I am indebted to a number of individuals and institutions in the making of Cityscapes of New Orleans. First and foremost, I thank my wife Marina Campanella and son Jason Campanella for their love and support. I gratefully acknowledge the Tulane University School of Architecture and Dean Kenneth Schwartz for the academic position which enables me to conduct this research, and to the New Orleans Center for the Gulf South, directed by Rebecca Snedeker, where I am a Monroe Fellow.
Deep gratitude goes to Susan Langenhennig, editor of the InsideOut section of NOLA.com/The Times-Picayune, who cold-called me in 2013 with an invitation to be a contributing writer for New Orleanss oldest and largest newspaper. Susan and I agreed to name the column Cityscapes, which has since become a popular monthly feature, and is paired with a WWNO radio interview of me by journalist Eve Troeh. This volume would not have happened without Susan and her editing and production skills making Cityscapes possible.

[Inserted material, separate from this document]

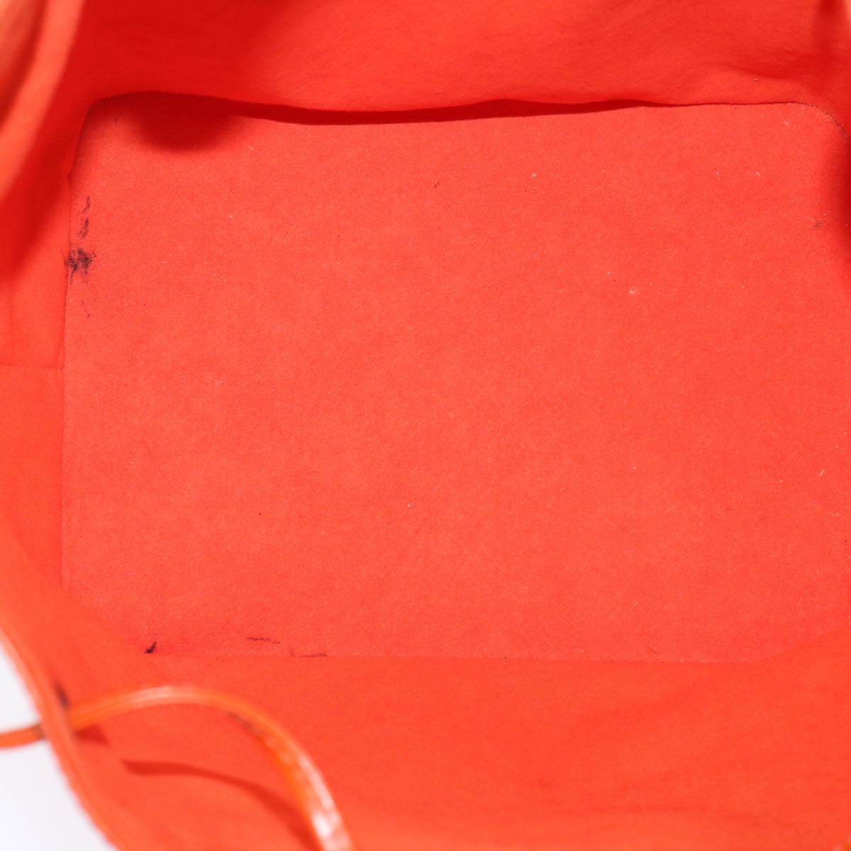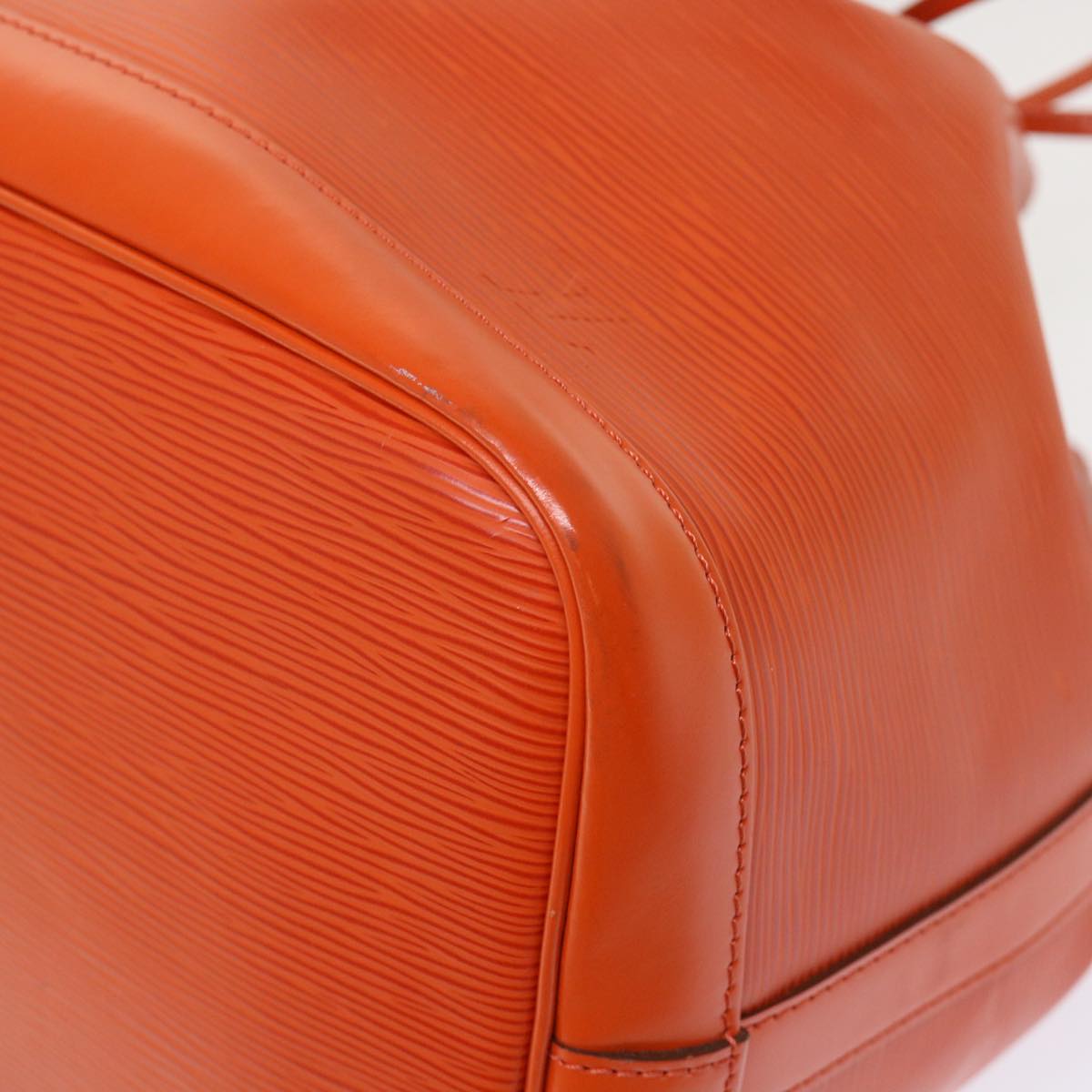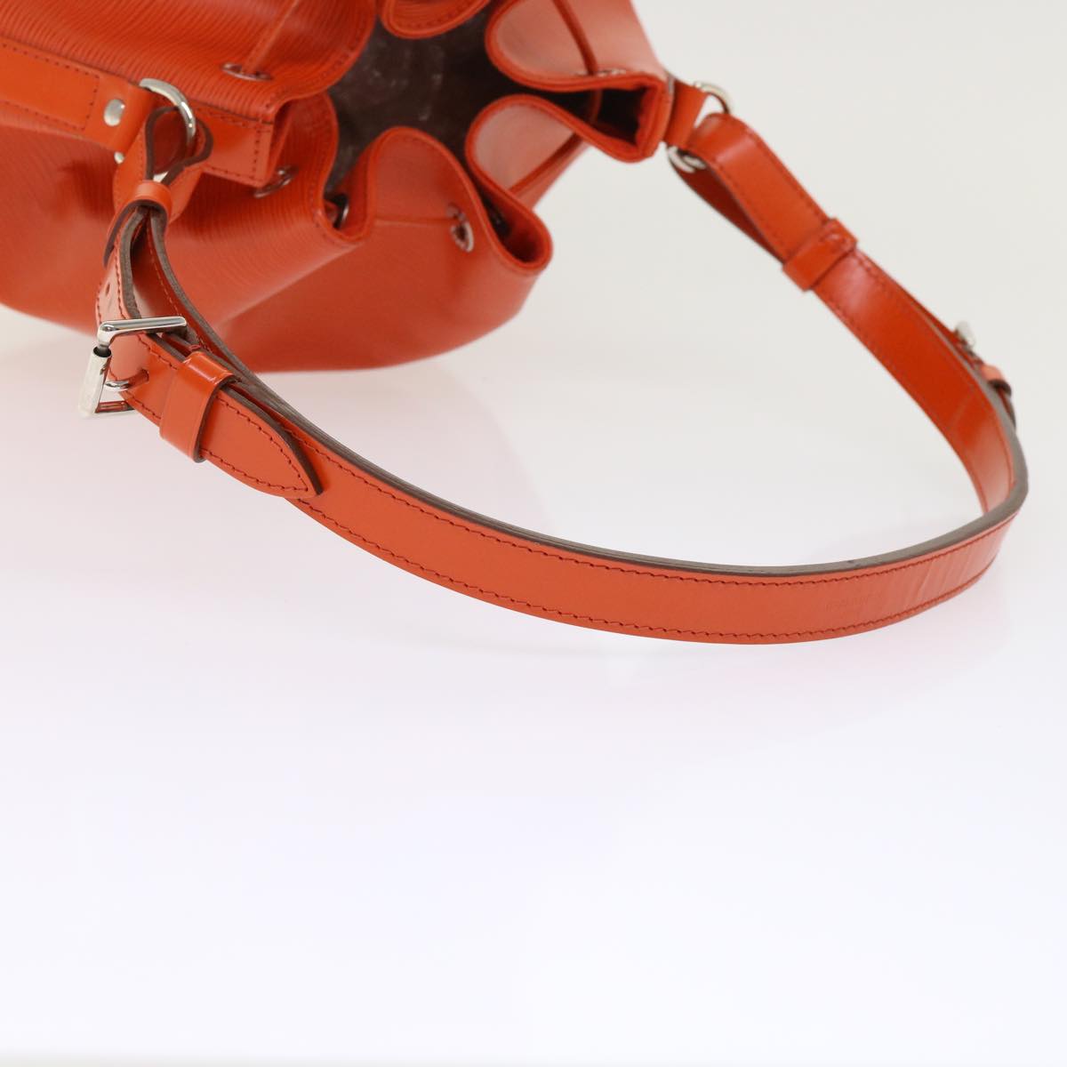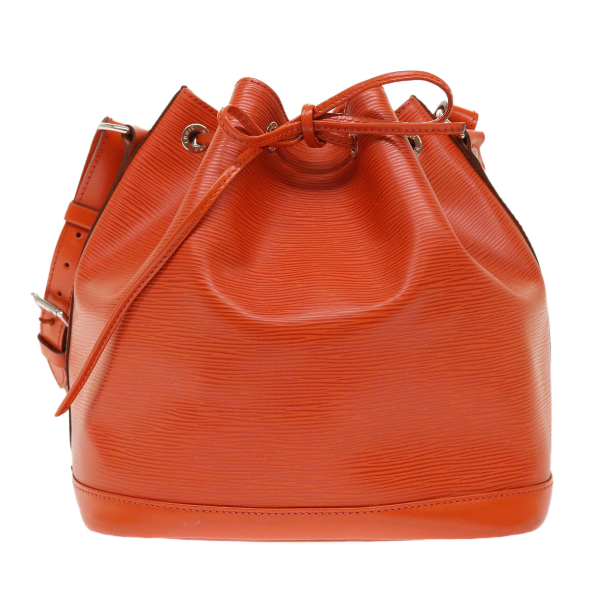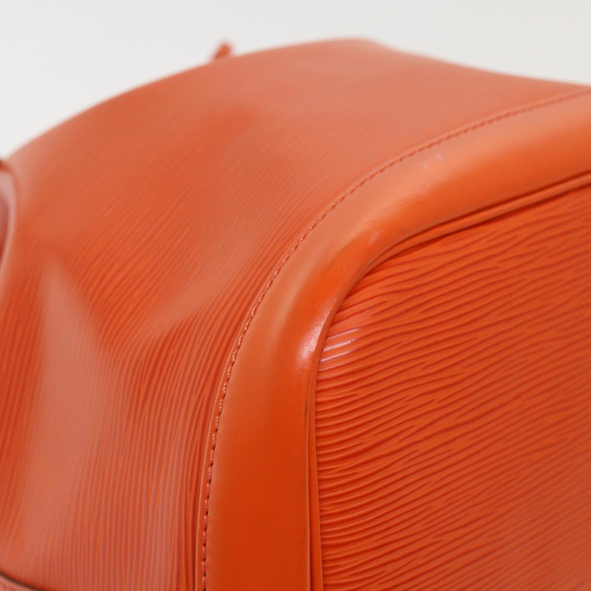 The renowned Louis Vuitton Petit Noé handbag is crafted from orange epi leather, adorned with gold-tone metal accents, and features an adjustable orange leather shoulder strap for both handheld and shoulder carrying. It is closed using a leather drawstring and boasts an interior lined with orange suede. This iconic handbag combines style and practicality, making it a versatile accessory for various occasions.

I also thank former editor-in-chief of NOLA.com/The Times-Picayune Jim Amoss for his support and permission to include the essays in this volume, and extend my appreciation to current editor and vice-president of content Mark Lorando and president of NOLA Media Group Tim Williamson as well.
Similarly, I am indebted to Danielle Del Sol and the late Mary Fitzpatrick of the Preservation Resource Center, editors of Preservation in Print, who extended a similar invitation to me in 2012, and to the staff of the Louisiana Endowment for the Humanities, including Brian Boyles and Miranda Restovic as well as former editors David Johnson and Michael Sartisky, for my Geographers Space column in Louisiana Cultural Vistas. I have been writing for all three periodicals ever since, and it has been a rewarding experience. Additional thanks go to editors Nancy Levinson of Places Journal, Errol Laborde of New Orleans Magazine, and Joel Kotkin of New Geography, all of whom have published articles of mine and granted permission for their inclusion in this volume.
I also wish to thank the staff at Louisiana State University Press, namely Director MaryKatherine Callaway, Executive Editor Rand Dotson, and Senior Editor Catherine L. Kadair, as well as freelance editor Stan Ivester.
And of course, I am most indebted to the city and people of New Orleans, who fashioned these splendid cityscapes and have kept me busy ever since.